Apollo gags into his hands.
Athena brings up Widget’s holographic screen, and does a lot of tapping that Phoenix is too shocked to pay attention to and Apollo is too nauseous to care about.
“Apollo! This means you’re…” she taps some more, frowning at the screen. “...Mr Wright’s second cousin, once removed.”
“I’m gonna remove myself in a minute,” Apollo groans.
“Hey! Come on, Pollo, it’s not that bad being related to me. Look at Trucy!”
“I’m more related to you than Trucy is,” he butts back before freezing as he realises what he’s actually just said. “Holy Mother, I’m more related to you than Trucy is. This is the worst day of my life.”
Okay. That’s a little harsh, given everything that’s happened to him - getting blown up, and violently assaulted, and finding out his long-lost father had been dead for three days and he had been talking to his channelled spirit - but, well. He supposes Apollo’s ‘worst day’ is his own opinion.
It also means, as well as being his daughter, Trucy would also be his second step-cousin once removed. It's funny how family works, really. But he can't really tell either of them that. They still don't know they're related.
“That’s so weird to think about,” Phoenix murmurs in thought. “My great grandma is your great great grandma, Apollo.”
“There’s nothing great about this!” Apollo shrieks, mortified. “We’re cousins!”
“How distantly related do you have to be to make it not a conflict of interest in court?”
Athena scoffs. “The judge never cares about conflict of interest in court. If he did, half of our trials would've never gone ahead.”
“Sorry, but it sounded like you were thinking of making this public,” Apollo hisses. “I'd rather die.”
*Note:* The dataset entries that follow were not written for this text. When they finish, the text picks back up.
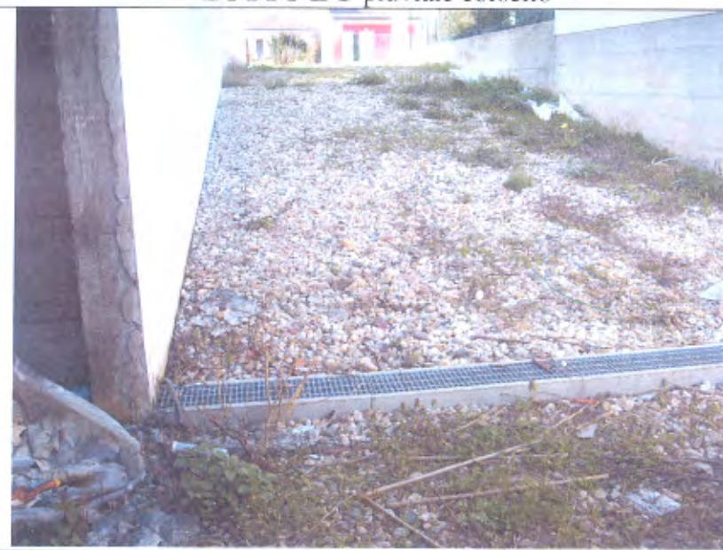
LOTTO E-F scivolo corsello box
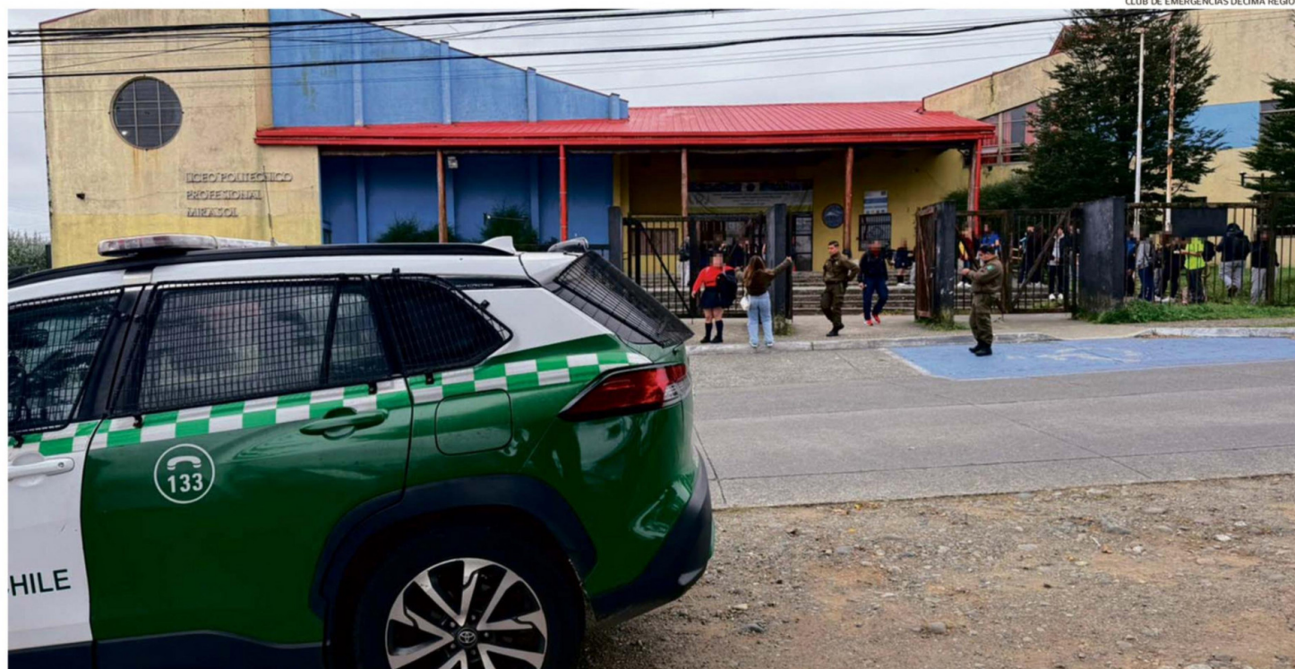
TRAS EL ÚLTIMO INCIDENTE EN EL LICEO POLITÉCNICO MIRASOL DE PUERTO MONTT, CARABINEROS LLEVÓ DETENIDO A CUATRO ADOLESCENTES ALUMNOS DEL ESTABLECIMIENTO.
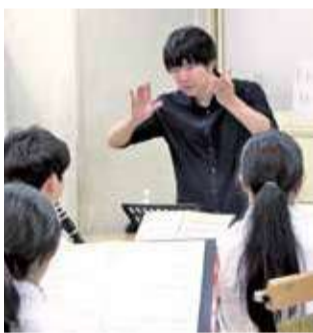
橘中学校でのワークショップ
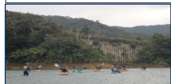
カヌー体験の状況(羽地ダム)
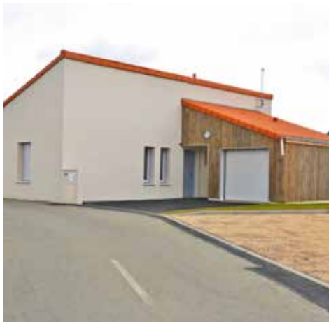
Les Bretonnais - Bégrolles en Mauges
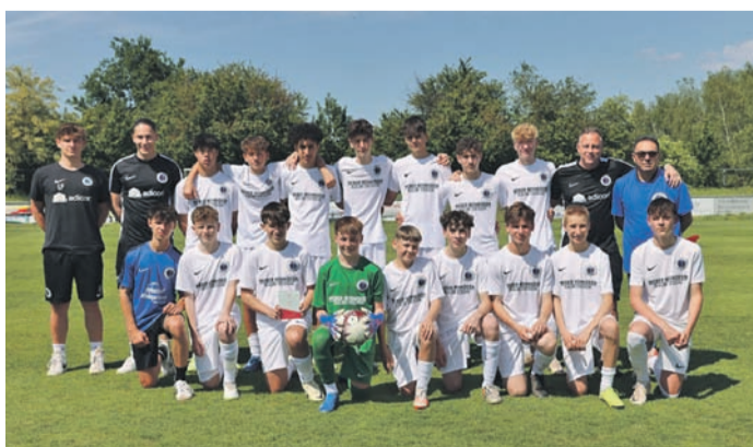
C-Junioren, Meister der Kreisliga Dieburg 2023/24.

“Hey! I’m a renowned lawyer, buddy! It'd be good to have some family contacts in the legal world.”
Apollo looks scandalised. “My dad was the most famous defense attorney in his entire country. The country where I work, and it would actually matter. You’re just- some guy from California!”
“Just some guy? I thought you used to idolise me!”
“Used to being the key phrase there."
“Hey, guys!” The door to the WAA swings open and there is his darling daughter, fresh out of school for the afternoon and blissfully unaware of everything that has taken place in the last ten minutes. Her face slowly drops as she surveys the room and sees everyone staring in abject horror and Phoenix banished on his office chair to the corner of the room.
“Nothing!” Athena squeaks even though she hadn’t been asked anything, and wastes no time hiding underneath her desk and silencing Widget with a hand over his little speakers. “We weren’t talking about anything!”
In the next few seconds, some sort of wiring must get messed up in Phoenix’s brain - because where he means to say ‘Hello, sweet Trucy, I missed you very much, how was school’ - or something reasonable along those lines, what he actually says is:
“I- we- Polly and I are related,” he blurts out feebly instead.
Apollo bangs his head onto the desk.